-- DATASET CONTENT follows --

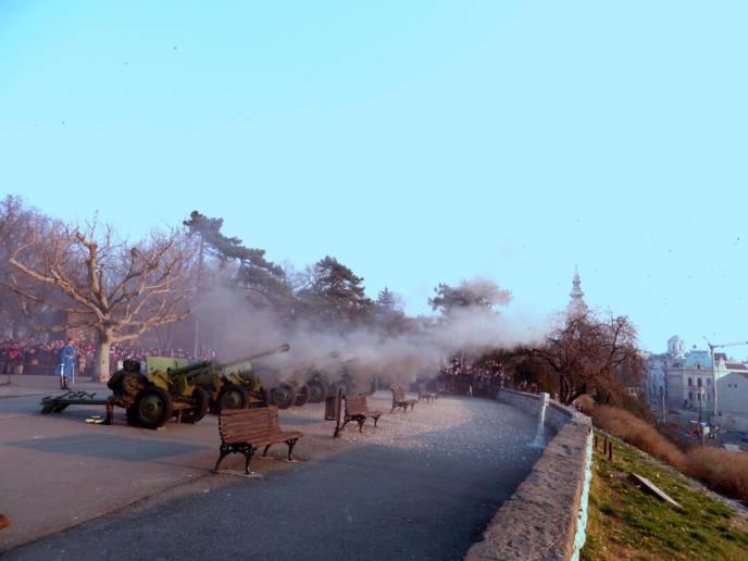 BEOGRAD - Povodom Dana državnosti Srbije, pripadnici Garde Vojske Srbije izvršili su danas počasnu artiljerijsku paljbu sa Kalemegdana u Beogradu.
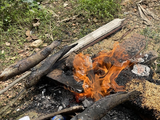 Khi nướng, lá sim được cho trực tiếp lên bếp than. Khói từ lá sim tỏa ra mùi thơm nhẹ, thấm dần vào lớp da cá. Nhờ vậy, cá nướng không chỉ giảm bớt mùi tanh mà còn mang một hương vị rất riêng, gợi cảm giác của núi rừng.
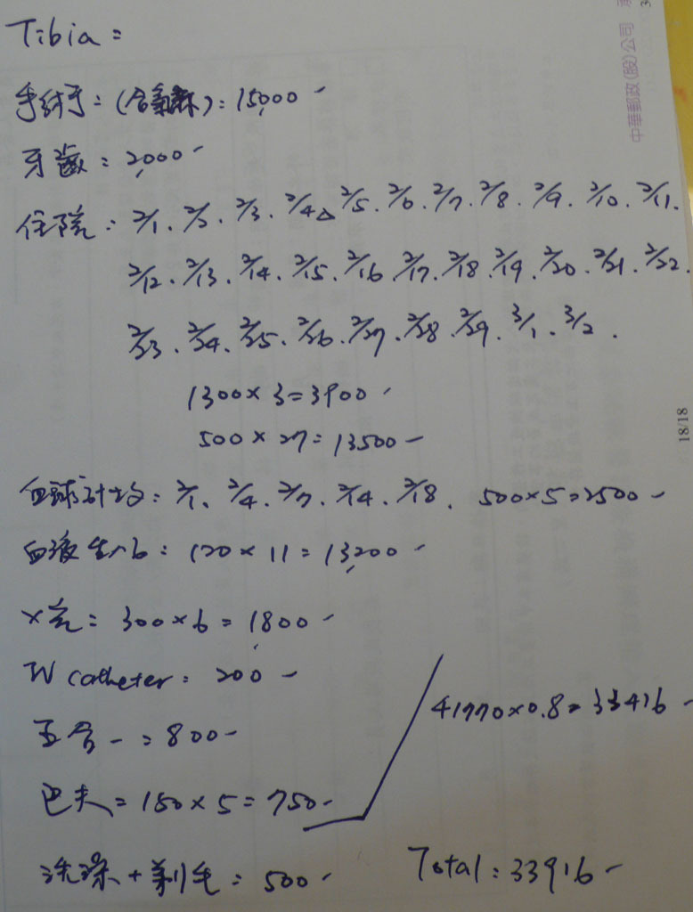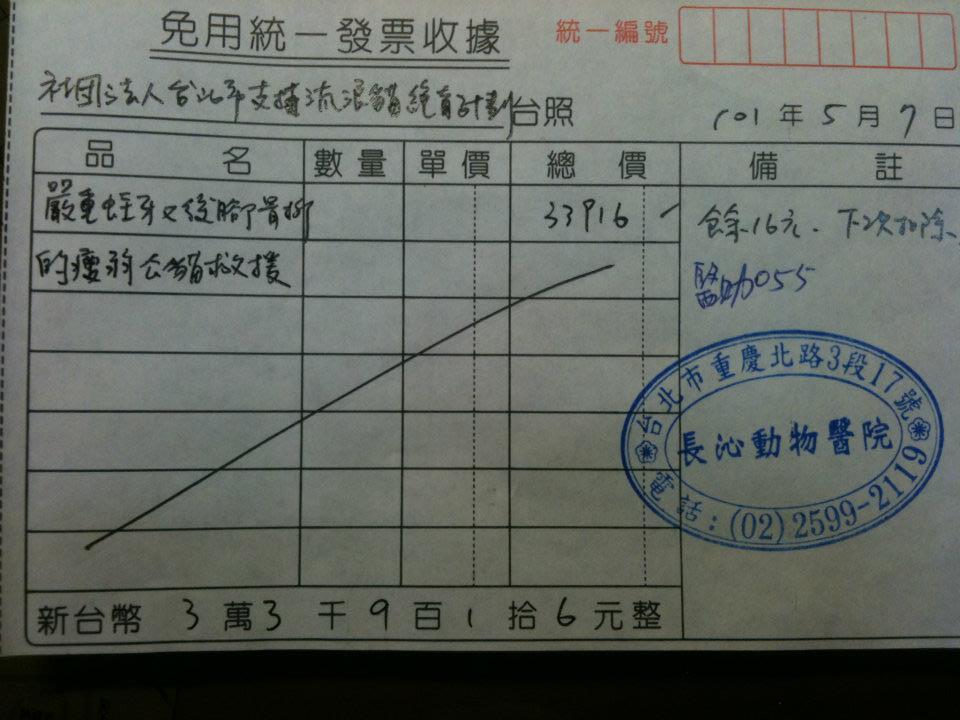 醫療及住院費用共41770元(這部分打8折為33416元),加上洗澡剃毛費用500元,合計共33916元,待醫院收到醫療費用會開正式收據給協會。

-- DATASET CONTENT concluded --

YOUR ASSIGNMENT
Reproduce the data above in full, exactly, with the images removed.

ANSWER TO THIS TASK
 BEOGRAD - Povodom Dana državnosti Srbije, pripadnici Garde Vojske Srbije izvršili su danas počasnu artiljerijsku paljbu sa Kalemegdana u Beogradu.
 Khi nướng, lá sim được cho trực tiếp lên bếp than. Khói từ lá sim tỏa ra mùi thơm nhẹ, thấm dần vào lớp da cá. Nhờ vậy, cá nướng không chỉ giảm bớt mùi tanh mà còn mang một hương vị rất riêng, gợi cảm giác của núi rừng.
 醫療及住院費用共41770元(這部分打8折為33416元),加上洗澡剃毛費用500元,合計共33916元,待醫院收到醫療費用會開正式收據給協會。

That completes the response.